Perché Tsipras rilancia il contenzioso di guerra con la Germania
“Ci dovete 162 miliardi”
di Salvatore Cannavò
La richiesta di risarcimento per i danni di guerra, fatta da Alexis Tsipras alla Germania, può sembrare una battuta. Ma questa battuta è presente nel programma di Syriza fin dalla sua elaborazione a Salonicco nel settembre scorso. E vale circa 160 miliardi. Non è uno scherzo, insomma, se è vero che ieri il vice-cancelliere tedesco, il socialdemocratico Sigmar Gabriel, ha voluto rispondere con nettezza alle pretese greche: non se ne parla nemmeno.
LA STORIA È VECCHIA quanto la Seconda guerra mondiale. La Grecia fu invasa dalla Germania nazista, che oltre alle morti e ai saccheggi, si fece “prestare” 3,5 miliardi di dollari dell'epoca che non sono mai stati rimborsati. Alla Conferenza di Parigi del 1946 fu inoltre previsto un indennizzo nei confronti di Atene di 7 miliardi di dollari. Entrambe le somme non sono mai state pagate dai governi tedeschi. Attualizzando queste cifre si arriva alla cifra di 162 miliardi di euro indicata da Syriza. Senza contare gli interessi.
Secondo uno studio del Comitato per l'annullamento del debito (Cadtm) se si calcolasse un interesse annuo del 3% si arriverebbe alla cifra enorme di mille miliardi di euro. Cifre stratosferiche che non sembrano rientrare nelle reali intenzioni del governo greco. Nei giorni scorsi, infatti, una speciale commissione presieduta dall’ex direttore generale del Tesoro, Panagiotis Karakousis, ha indicato il debito tedesco nei confronti della Grecia in 11 miliardi di euro. La cifra non contempla la voce riguardante le riparazioni per i danni subiti durante l’occupazione tedesca dal 1941 al 1944 che invece fa parte del conteggio
Per comprendere il contenzioso, però, occorre approfondire due altre vicende: la Conferenza di Londra del 1953, con la quale sono stati annullati gran parte dei debiti di guerra della Germania e il trattato di riunificazione della Germania del 1990 siglato a Mosca.
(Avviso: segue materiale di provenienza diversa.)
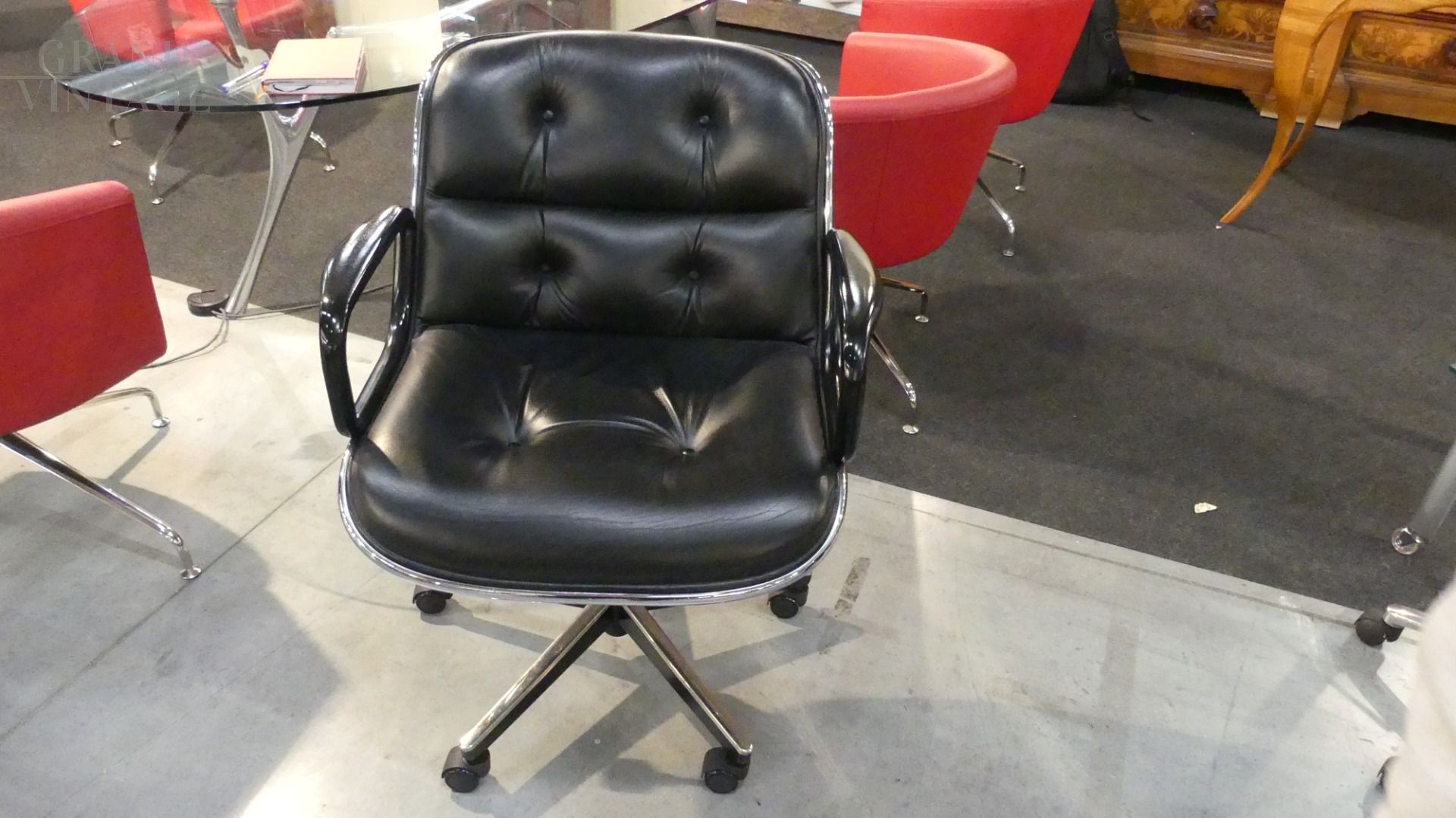 Poltrona da ufficio Pollock di Knoll in pelle nera

Nel primo grande appuntamento internazionale dopo la Seconda guerra mondiale, gli alleati occidentali (Gran Bretagna, Stati Uniti, Francia, Belgio, Olanda e molti altri) decisero quello che oggi è impedito alla Grecia: una riduzione del 62,5% del debito tedesco.
QUESTO AMMONTAVA a 22,6 miliardi di marchi per la parte anteriore alla guerra e a 16,2 miliardi cumulato dopo la Seconda guerra mondiale. Fu ridotto a 14,5 miliardi e alla Germania furono garantiti altri benefici importanti: il rimborso in marchi, un tetto al rimborso annuo fissato al 5% dei redditi provenienti dalle esportazioni, un tasso di interesse oscillante tra lo zero e il 5%. Anche grazie a queste condizioni la Germania uscì dalla sconfitta disastrosa e divenne la potenza che è.
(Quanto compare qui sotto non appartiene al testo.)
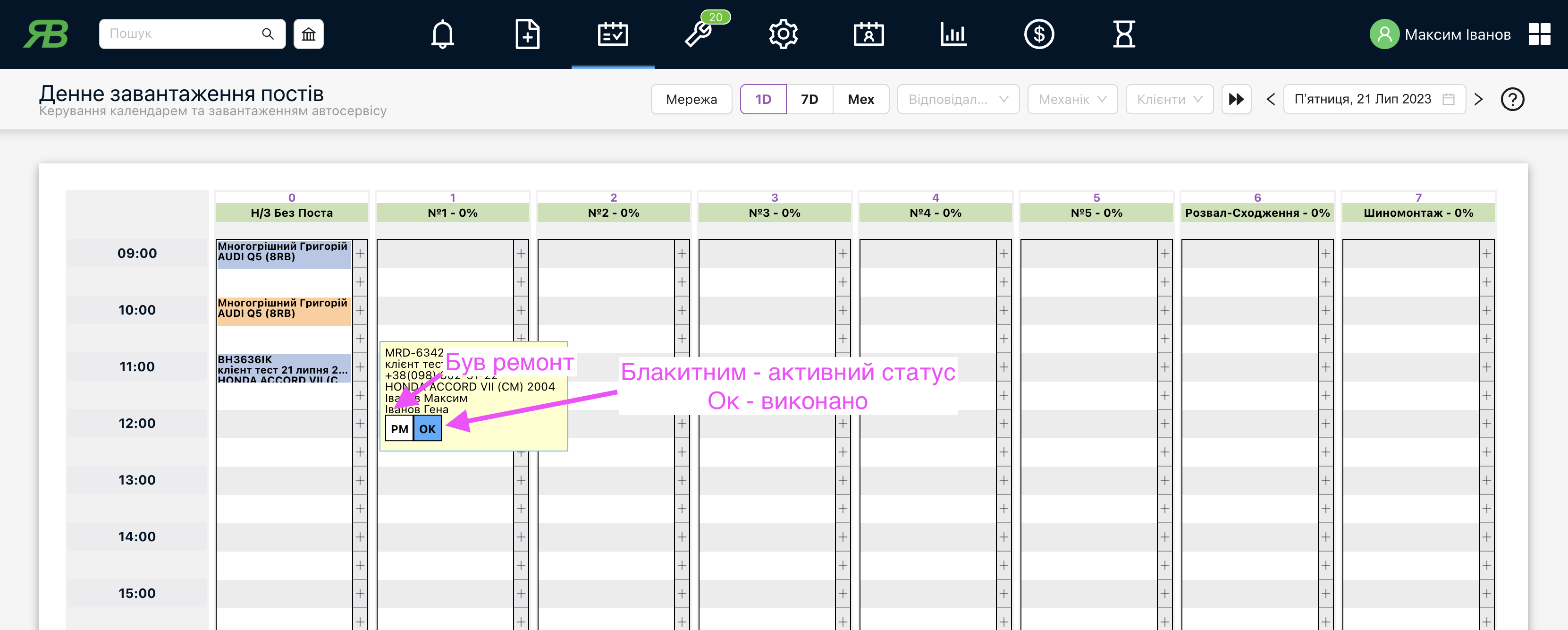 • Після Ремонту – всі з/ч у статусі «Встановлено» або вищому, а всі роботи в вкладці “Цех” в статусі «Зроблено»;

In quella conferenza, all’articolo 5 dell’accordo, si stabilì peraltro che “l’esame dei crediti scaturiti dalla Seconda mondiale dei Paesi in guerra con la Germania oppure occupati (…) saranno differiti fino al regolamento definitivo del problema delle Riparazioni”. Un rinvio sine die che impedì che la Grecia potesse beneficiare del rimborso dovuto.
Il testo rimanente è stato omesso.